1. How does acceleration due to gravity vary with altitude?

2. What is escape velocity?

3. How does the escape speed of a particle depend on the mass of the earth?

4. What is the time period of revolution of geostationary satellite? or What is the period of geostationary satellite?

5. What is geo-stationary satellite?

6. How does the speed of the earth changes when it is nearer to the sun?

7. Write the SI unit of 𝐺.

**Two marks.**

1. Write the relation between 𝑔 and 𝐺 and explain the terms.

2. State and explain Newton’s law of gravitation. or State Newton’s law of gravitation and write its mathematical form.

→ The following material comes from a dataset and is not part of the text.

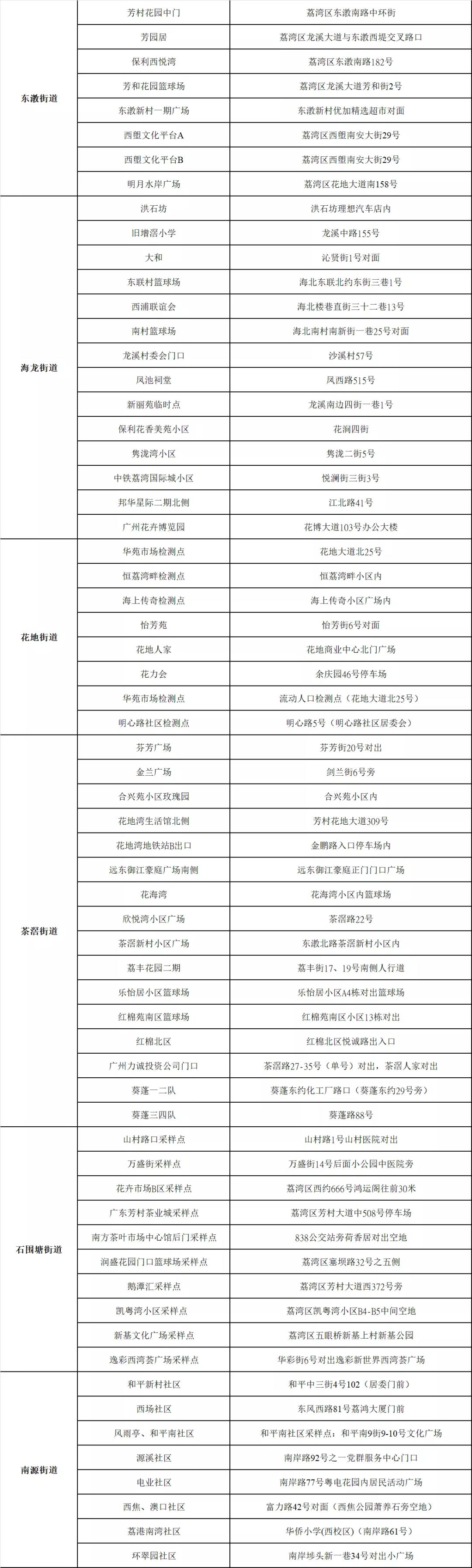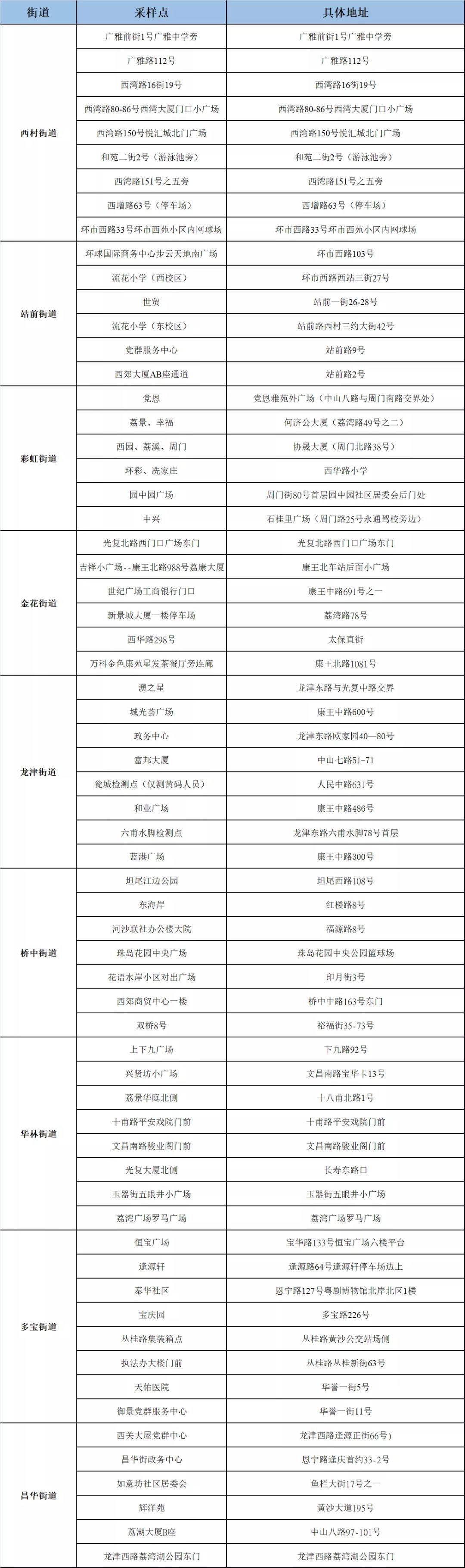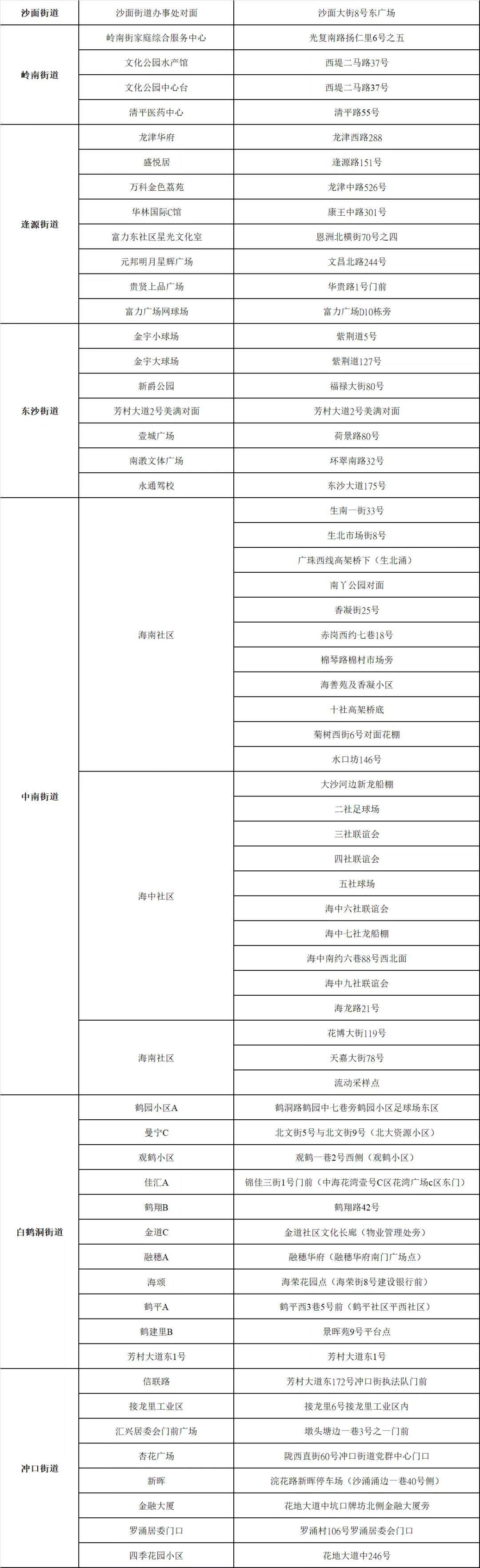(一)南源、逢源、多宝、昌华、岭南、华林、沙面、桥中、石围塘、花地、茶滘、冲口、白鹤洞、东漖、中南、东沙、海龙共17条街道于上午10时开始,截止时间晚上22时。

3. Mention any two applications of satellite.

**Three marks.**

1. State Kepler’s laws of planetary motion.

2. Derive an expression for orbital velocity of a satellite.

3. Derive the relation between 𝑔 and 𝐺. or Arrive at the relation 𝑔 = 𝐺𝑀_{𝐸}/𝑅_{𝐸}^{2}

4. State and explain Newton’s universal law of gravitation and express its equation in vector form.

5. What are geo-stationary satellites? Mention its time period of revolution.

**Five marks.**

1. Derive an expression for acceleration due to gravity above the surface of earth.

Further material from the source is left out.